[Data for this task]:
-------------------------

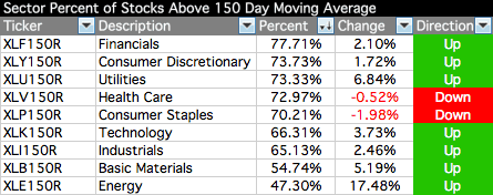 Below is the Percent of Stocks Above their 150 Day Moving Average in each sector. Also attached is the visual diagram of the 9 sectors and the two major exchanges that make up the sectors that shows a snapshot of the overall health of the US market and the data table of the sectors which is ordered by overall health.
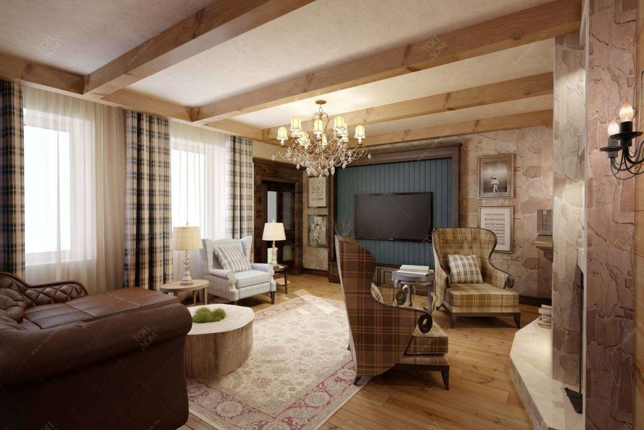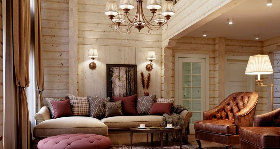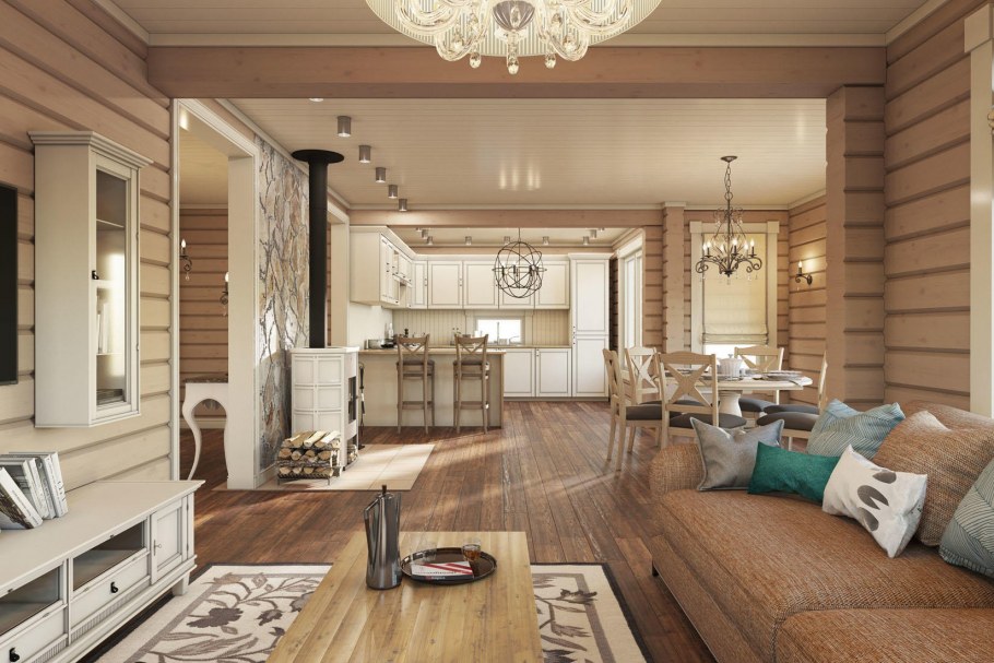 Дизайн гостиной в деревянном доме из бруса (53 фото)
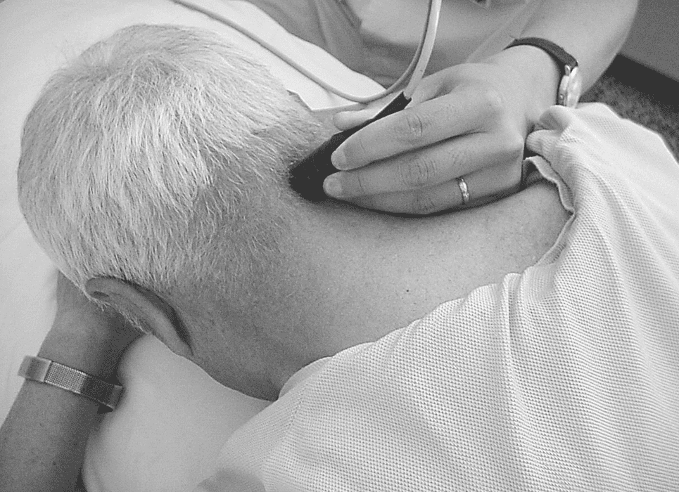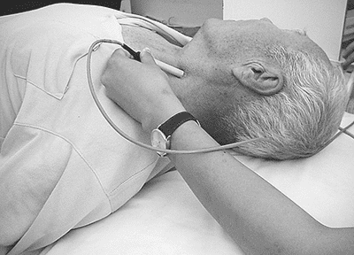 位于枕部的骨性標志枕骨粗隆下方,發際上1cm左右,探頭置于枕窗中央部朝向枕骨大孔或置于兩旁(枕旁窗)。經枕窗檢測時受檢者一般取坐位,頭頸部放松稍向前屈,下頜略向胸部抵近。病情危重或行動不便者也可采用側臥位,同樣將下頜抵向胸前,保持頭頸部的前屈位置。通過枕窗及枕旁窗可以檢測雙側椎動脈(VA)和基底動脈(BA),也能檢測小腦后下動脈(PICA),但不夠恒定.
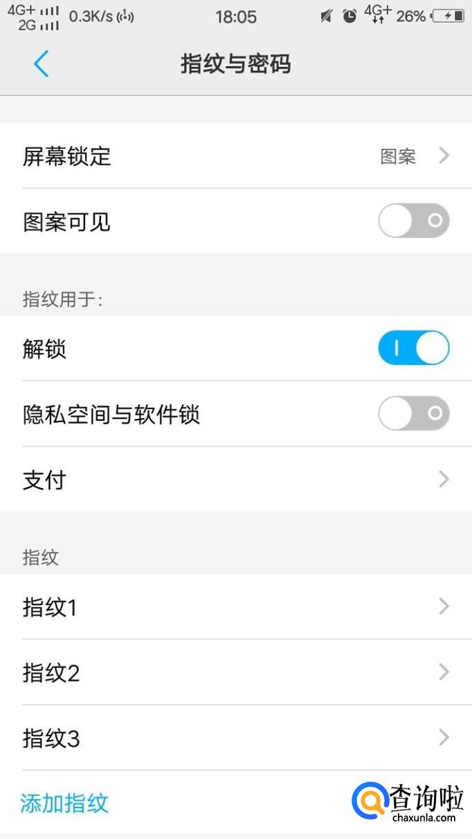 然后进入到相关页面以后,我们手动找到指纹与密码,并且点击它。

-------------------------

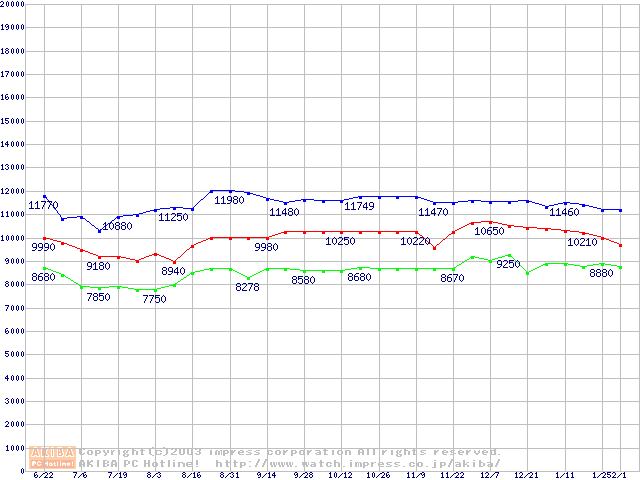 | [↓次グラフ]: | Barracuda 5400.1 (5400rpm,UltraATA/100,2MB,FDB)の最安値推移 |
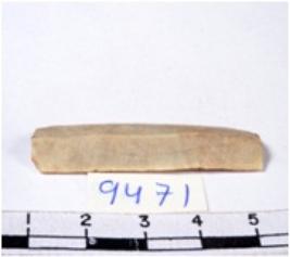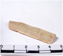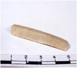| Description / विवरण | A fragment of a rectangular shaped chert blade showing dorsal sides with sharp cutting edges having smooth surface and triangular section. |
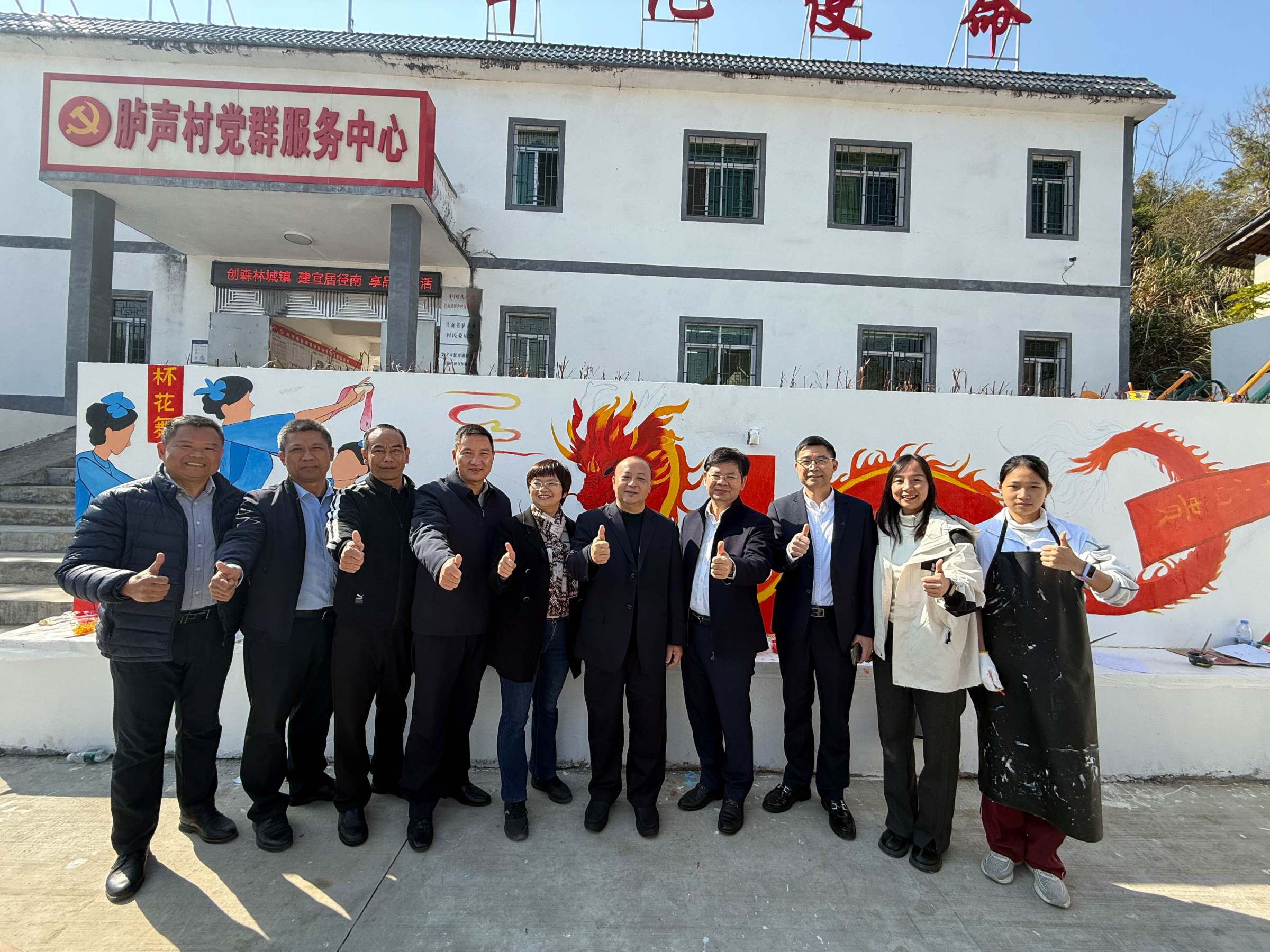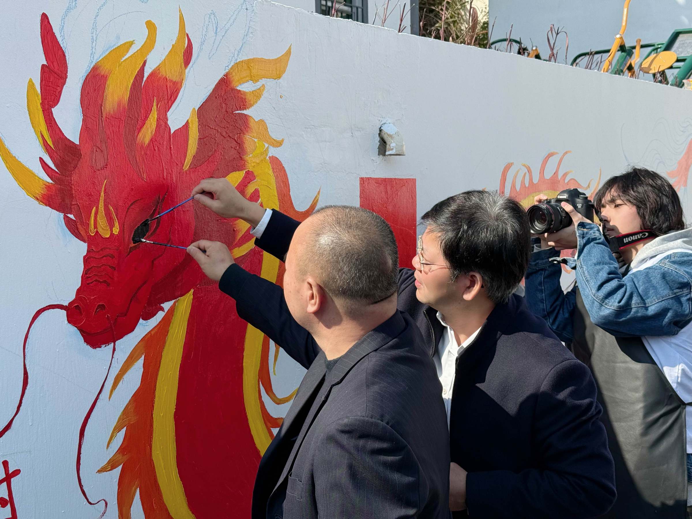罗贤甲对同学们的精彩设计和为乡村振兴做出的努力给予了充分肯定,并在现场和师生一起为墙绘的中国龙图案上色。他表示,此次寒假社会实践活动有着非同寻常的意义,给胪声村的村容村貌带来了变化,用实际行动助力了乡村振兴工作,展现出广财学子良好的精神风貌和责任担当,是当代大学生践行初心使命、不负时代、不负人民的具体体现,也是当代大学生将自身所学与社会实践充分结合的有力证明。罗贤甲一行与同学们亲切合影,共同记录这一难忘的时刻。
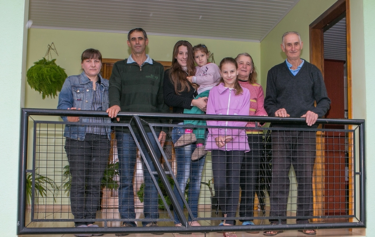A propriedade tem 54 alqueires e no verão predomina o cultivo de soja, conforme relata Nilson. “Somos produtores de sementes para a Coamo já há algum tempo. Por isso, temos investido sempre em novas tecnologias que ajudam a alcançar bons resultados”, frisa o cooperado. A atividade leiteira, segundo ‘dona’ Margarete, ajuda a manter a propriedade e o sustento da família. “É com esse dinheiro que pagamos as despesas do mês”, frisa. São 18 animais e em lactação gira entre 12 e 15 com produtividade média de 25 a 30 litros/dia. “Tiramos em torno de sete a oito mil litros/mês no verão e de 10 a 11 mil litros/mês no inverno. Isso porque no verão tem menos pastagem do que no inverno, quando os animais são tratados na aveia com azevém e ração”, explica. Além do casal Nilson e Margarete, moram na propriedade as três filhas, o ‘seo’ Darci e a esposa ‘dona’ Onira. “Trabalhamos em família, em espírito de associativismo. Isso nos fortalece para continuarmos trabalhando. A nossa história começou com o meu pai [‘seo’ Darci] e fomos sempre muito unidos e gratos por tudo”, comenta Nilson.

-------------------------

[Your instructions]: Up in the listing, locate the line with "位于枕部的骨性標志枕骨粗隆下"; print it and every line after it down to the line with "然后进入到相关页面以后,我们手动找到指纹与密码,并且点击它。", which is included too. Skip the pictures.

[Exercise solution]:
 位于枕部的骨性標志枕骨粗隆下方,發際上1cm左右,探頭置于枕窗中央部朝向枕骨大孔或置于兩旁(枕旁窗)。經枕窗檢測時受檢者一般取坐位,頭頸部放松稍向前屈,下頜略向胸部抵近。病情危重或行動不便者也可采用側臥位,同樣將下頜抵向胸前,保持頭頸部的前屈位置。通過枕窗及枕旁窗可以檢測雙側椎動脈(VA)和基底動脈(BA),也能檢測小腦后下動脈(PICA),但不夠恒定.
 然后进入到相关页面以后,我们手动找到指纹与密码,并且点击它。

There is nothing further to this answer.